Il est vrai que les excuses tiennent
moins depuis que les condoms sont disponibles à prix minime. Le tournant à cet égard a sûrement été ce
discours du président, alors qu’il était apparu à la
télévision tenant bien haut une capote à la main.
On imagine le défi que cela a dû être de rallier jeunes et prostituées autour des
messsages affichés sur ces panneaux le long des
routes du pays: "Le sida tue, ensemble vainquons le sida: fidélité,
abstinence, prévention."
La polygamie ne serait pas la
coupable?
Le Mali étant majoritairement musulman, la polygamie est une pratique
courante. Un homme peut donc avoir plusieurs femmes en même temps. Mais
le problème n’est pas là, selon le docteur Maiga: "Il n’a jamais été
établi que c’était un facteur de propagation du sida. Les familles
polygames sont souvent fermées sur elle-même et sont donc à faible
risque, sauf si le mari polygame voyage: c’est ainsi que le sida quitte
la ville pour apparaître en région."
Voilà donc le
nouvel adversaire des intervenants: la mobilité des Maliens.

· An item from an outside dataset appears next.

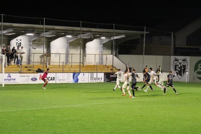 Alex Roth hält einen Volleyschuss von Lucas Friedl (Nr. 22) in der 53. Minute.

Ils sont ceux qui migrent et voyagent le plus en Afrique de l’Ouest. Le
plan stratégique de quatre ans du PNLS arrivé à terme; ces
données ont forcé le réaménagement de la stratégie.

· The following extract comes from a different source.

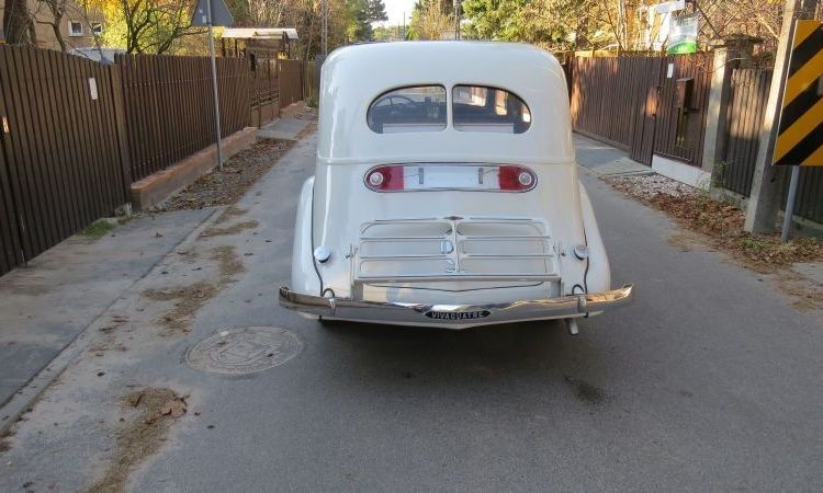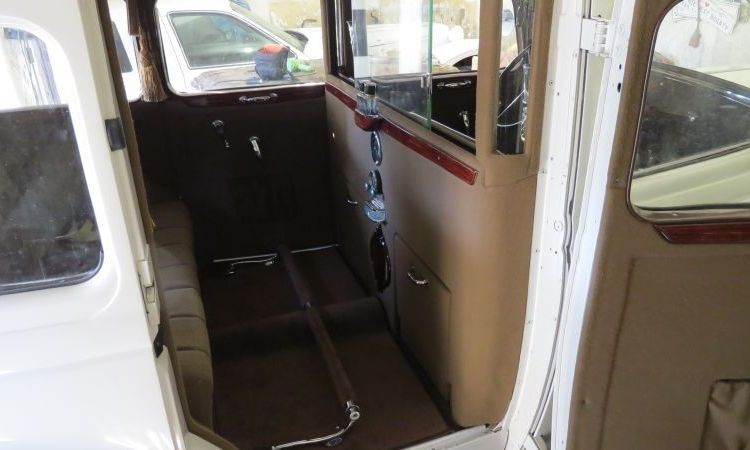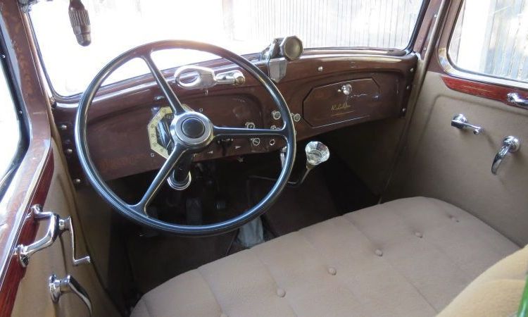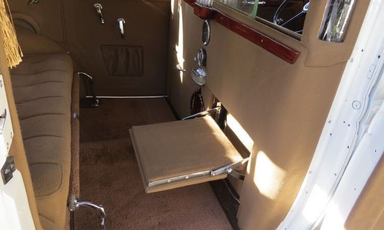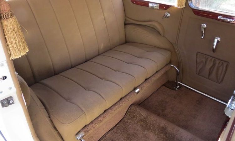 Wnętrze utrzymane jest w ciepłym odcieniu brązowego weluru, z mahoniowymi wykończeniami i kryształowymi dodatkami Lalique’a. Oryginalna jasna barwa nadwozia i liczne chromowane elementy nadają mu luksusowego charakteru i podkreślają piękną linię typową dla lat 30.

La dure réalité des prisons
Par ailleurs, la lutte au
sida dans les prisons africaines est un problème qui reste entier. La première Conférence internationale
sur le VIH/sida dans les prisons en Afrique n’a pas su
apporter de réponses définitives à de nombreuses questions aussi
cruciales que délicates: faut-il mettre des préservatifs à la portée
des détenus, procéder à un dépistage à l’entrée, isoler un détenu
séropositif et le soigner au même titre qu’un citoyen libre?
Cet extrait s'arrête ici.